Team Handel - voorzieningenrechter
zaak- / rolnummer: C/09/600949 / KG ZA 20/968
Vonnis in kort geding van 20 oktober 2020
in de zaak van
[eisende partij I]te [plaats 1] ,
en 25 anderen zoals vermeld in de dagvaarding van 16 oktober 2020,
eisers,
advocaat mr. S.W. van Zijll te Rotterdam,
tegen:
de Staat der Nederlanden(het Ministerie van Volksgezondheid, Welzijn en Sport)
te Den Haag,
gedaagde,
advocaat mr.

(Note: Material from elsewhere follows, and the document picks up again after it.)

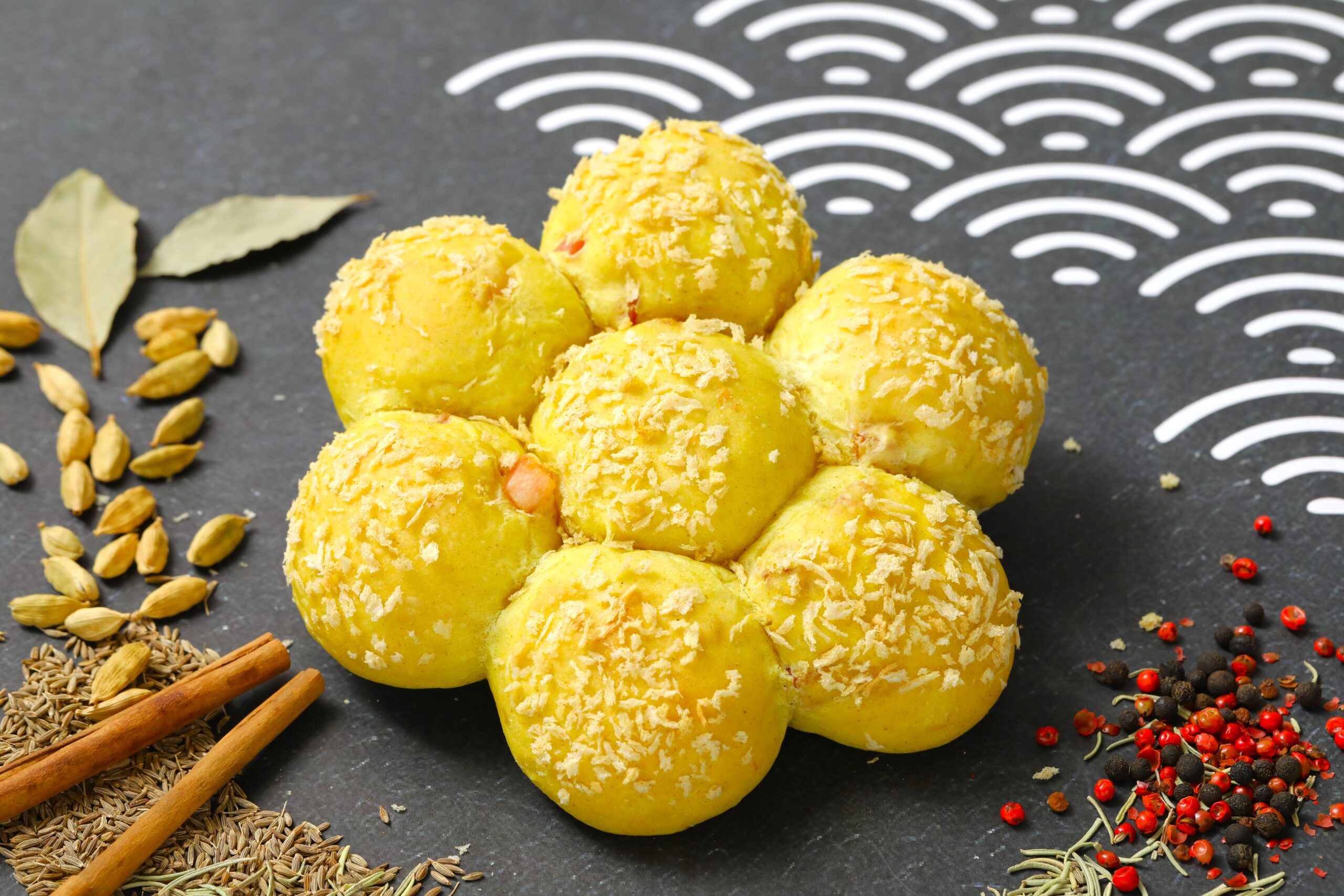 A summer-only flavour of the popular Kyo-Sei Chigiripan, which has sold more than 680,000 units*2 in total. The chunky texture of the dough is kneaded with dashi curry powder with concentrated flavour and spice, and the surface is covered with curry-flavoured breadcrumbs and baked to a golden brown.

R.W. Veldhuis te Den Haag,
waarin zich hebben gevoegd aan de zijde van eisers
[eisende partij II]te [plaats 2] , h.o.d.n. [handelsnaam eisende partij II] ,
en de andere partijen zoals vermeld in de incidentele conclusie tot voeging, met uitzondering van de reeds in de dagvaarding opgenomen eisers,
advocaat mr. S.W. van Zijll te Rotterdam.
Partijen worden hierna respectievelijk aangeduid als ‘ [eisende partij I cs] ’, ‘de Staat’ en ‘ [eisende partij II cs] ’.

1.De procedure

1.1.
Het verloop van de procedure blijkt uit:
- de dagvaarding met veertien producties;
- de conclusie van antwoord met vijf producties;
- de incidentele conclusie tot voeging;
- de bij de mondelinge behandeling door beide partijen overgelegde pleitnotities.
1.2.
Op 20 oktober 2020 is door middel van een verkort vonnis uitspraak gedaan. Het onderstaande vormt daarvan de uitwerking, die is vastgesteld op 27 oktober 2020.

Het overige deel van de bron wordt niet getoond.